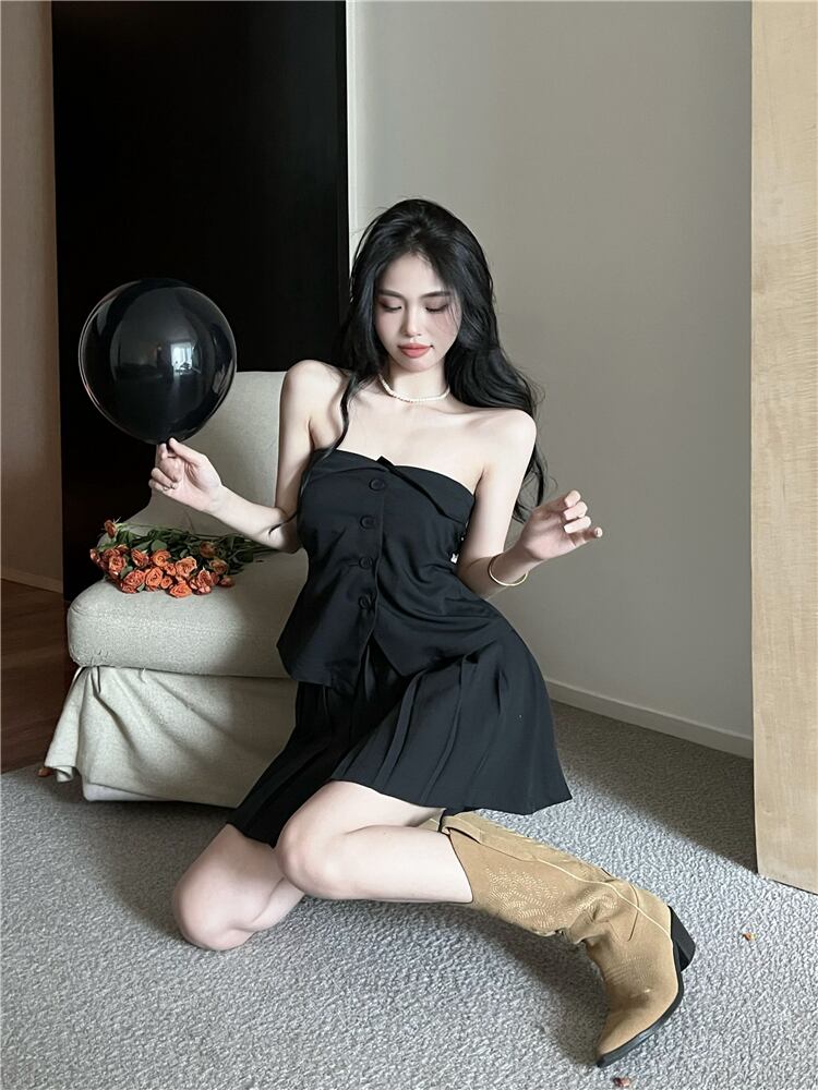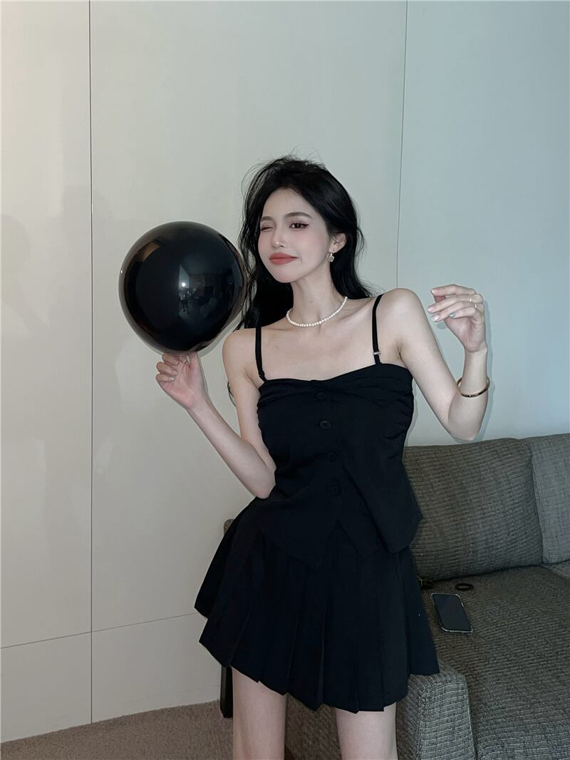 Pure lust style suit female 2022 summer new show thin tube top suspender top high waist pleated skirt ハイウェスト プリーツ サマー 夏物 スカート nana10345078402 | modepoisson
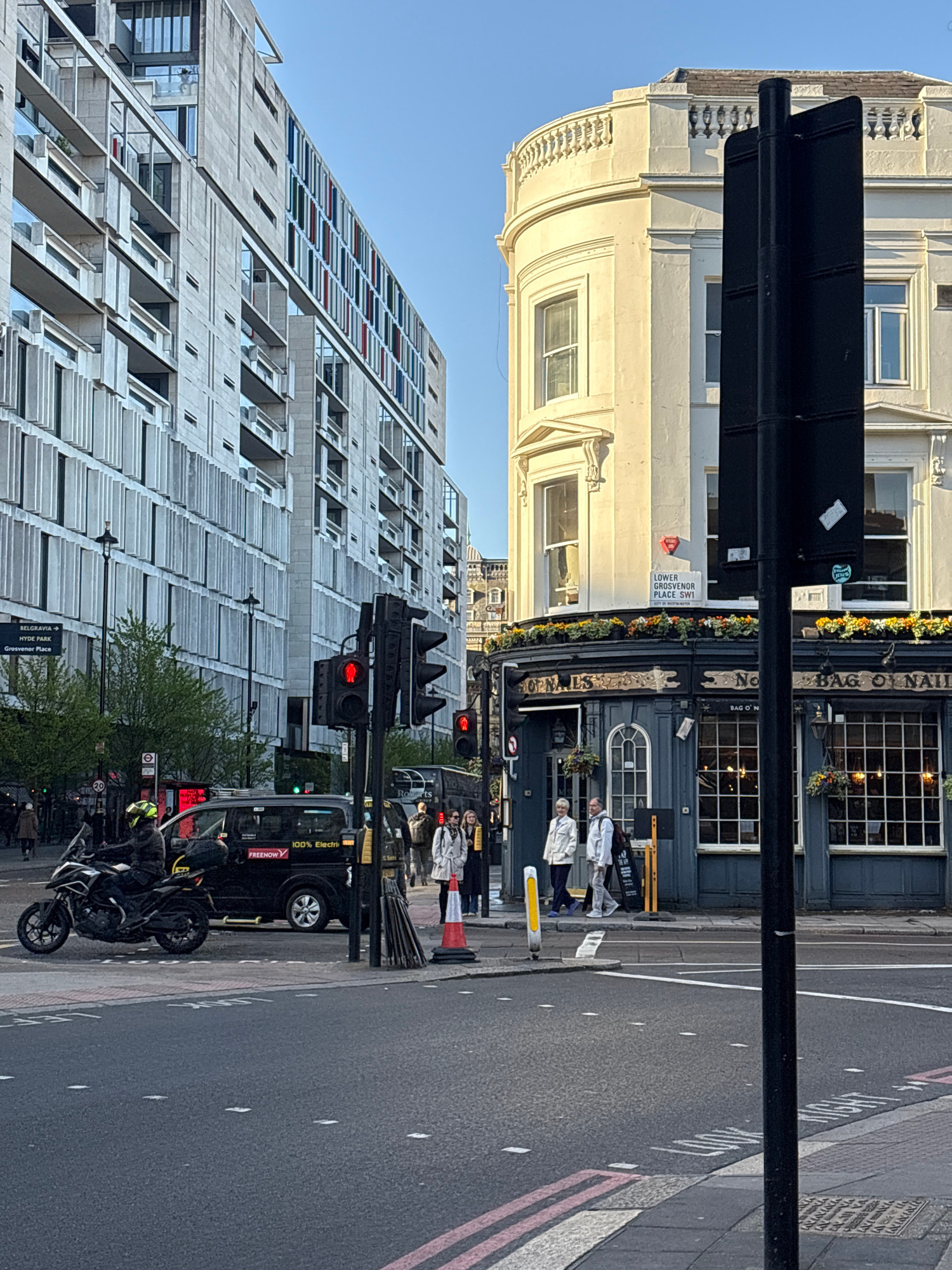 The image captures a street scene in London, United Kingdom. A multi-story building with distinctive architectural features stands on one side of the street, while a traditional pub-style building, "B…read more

==

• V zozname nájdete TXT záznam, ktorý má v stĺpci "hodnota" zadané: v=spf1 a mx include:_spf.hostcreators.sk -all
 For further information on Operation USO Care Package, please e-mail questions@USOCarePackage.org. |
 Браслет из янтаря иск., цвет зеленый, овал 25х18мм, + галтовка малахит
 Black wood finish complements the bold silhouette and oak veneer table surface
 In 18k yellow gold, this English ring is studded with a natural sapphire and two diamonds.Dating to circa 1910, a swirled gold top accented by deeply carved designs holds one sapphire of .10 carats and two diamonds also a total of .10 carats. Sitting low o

WHAT IS REQUIRED: Return exactly, and only, the lines above starting at the line that contains "Black wood finish" and ending at the line that contains "In 18k yellow".

REPLY TO THE EXERCISE:
 Black wood finish complements the bold silhouette and oak veneer table surface
 In 18k yellow gold, this English ring is studded with a natural sapphire and two diamonds.Dating to circa 1910, a swirled gold top accented by deeply carved designs holds one sapphire of .10 carats and two diamonds also a total of .10 carats. Sitting low o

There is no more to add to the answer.